I had the privilege of meeting and interviewing Betty in the summer of 2008, some sixty-one years after that fateful morning of January 15, 1947, when as a Liemert Park resident walking her three-year-old daughter to the store, she chanced upon the victim’s body lying in the vacant lot.

  My interview lasted just under an hour. Betty was eighty-eight years old, exceptionally gracious, and her memory of the event remained sharp and clear. The facts, as is always the case, varied somewhat from those publicly reported by the press, which invariably distorts and revises them to fit what they think their readers want to hear.

  This meeting with Betty was very much like my in-person interview with LAPD police officer Myrl McBride, the last witness to see Elizabeth Short alive.

  It was special, like stepping into a time-machine and being whisked back to 1947, as if I was one of the original detectives, taking her statement for the first time.

  Here is Betty’s story just as she tells it. No reporter’s deadline to meet, no spin, just the facts, exactly as they occurred—in her own words.

  The Interview

  “Well, I got up in the morning. I had a daughter, Anne, and Anne was about four then. I put her in her little Taylor Tot, that’s what they called those things we tote the kids around in. It was a little stroller thing. And I started to walk down to Liemert Park, to the business area, and to take a pair of shoes that my husband needed to be resoled.

  Type of “Taylor Tot” stroller that Betty Bersinger used to take her daughter, Anne, to the shoe store.

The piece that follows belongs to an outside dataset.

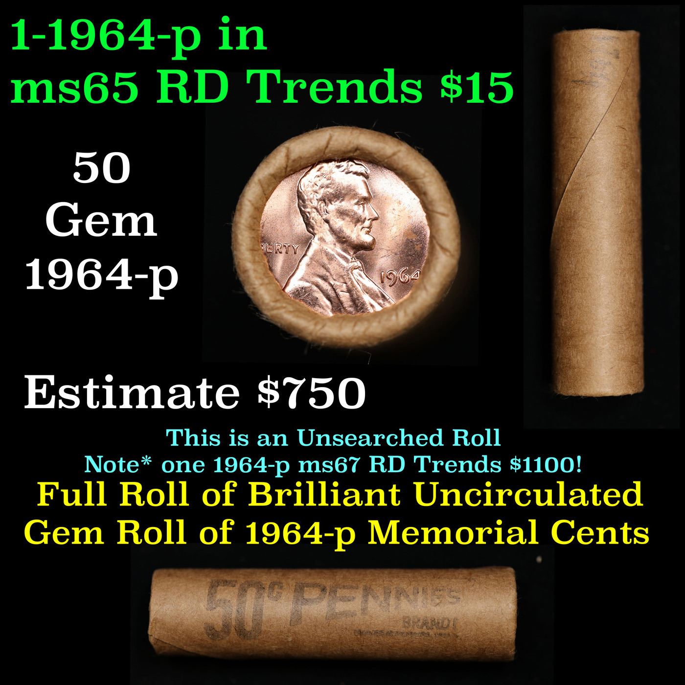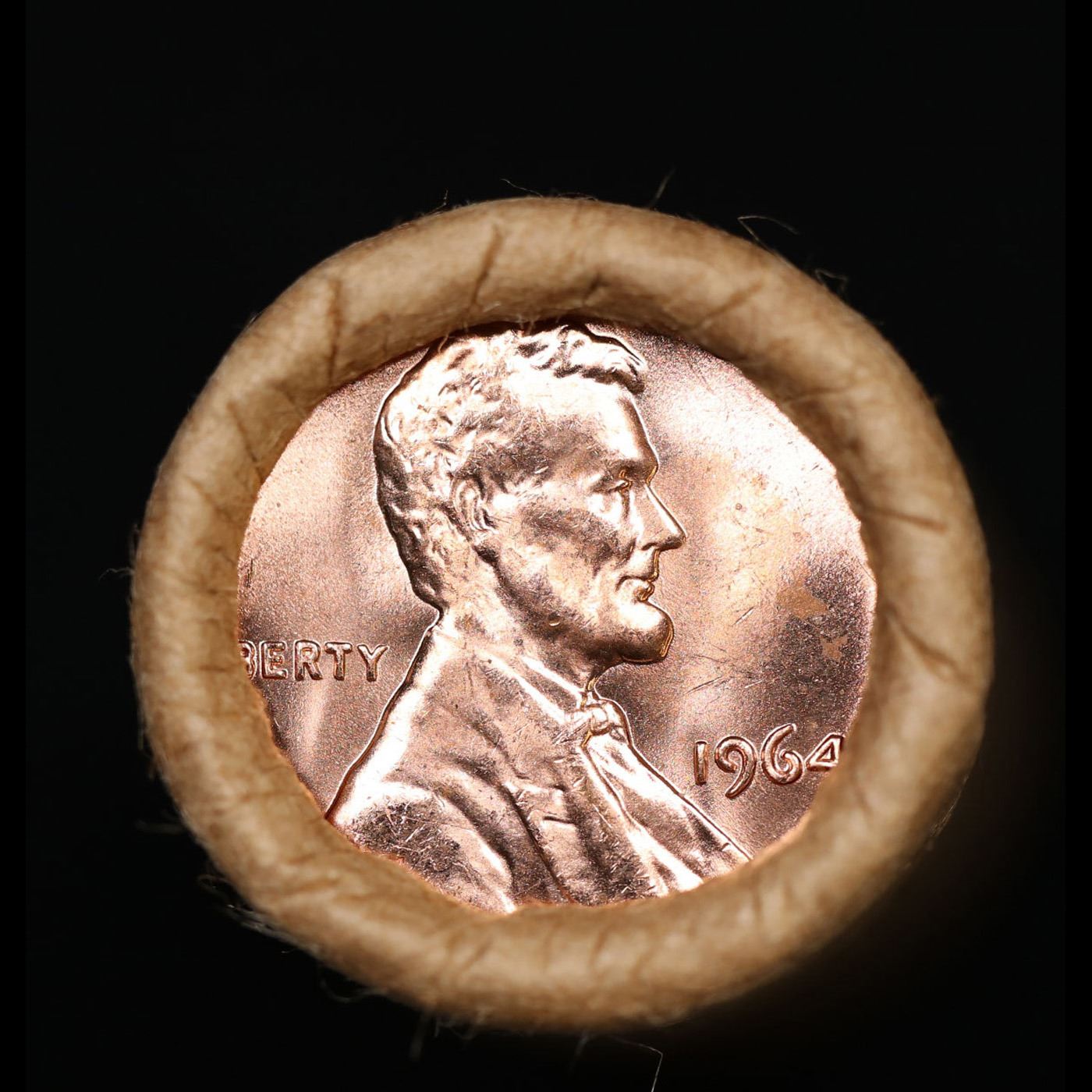 Shotgun Lincoln 1c roll, 1964-p 50 pcs Brandt Wrapper.. A terrific Shotgun roll of Lincoln cents. Most if not all coin should be cherry red. Trends ms65 rd $15

  It was early in the morning. I don’t know, I assume it was about eight. Somewhere in there. I was walking by…. There’s a vacant lot. I was living on South Norton. I started walking down Norton and came to the vacant lot that hadn’t been developed yet. They had the sidewalks in and the streets but the lot was kind of overgrown with weeds.

  I was just making my way through the clutter down Norton and I happened to look over to my side and I saw this…. It looked like a mannequin. That was the impression I had, “Oh, it’s a mannequin.” It was so white. It didn’t register. I had never seen a dead body before anyhow. “Oh, a mannequin.” It was divided in the middle, it was in two parts. I said, “Oh, dear, that’s kind of strange looking.” I thought, “Well, maybe that will scare the kids as they are coming to school.” Because the kids would be riding their bikes. I thought, “I’d better call and tell somebody to come out and clear that away.” So, that was my thought. I wasn’t thinking about anything other than an old ordinary dumped mannequin.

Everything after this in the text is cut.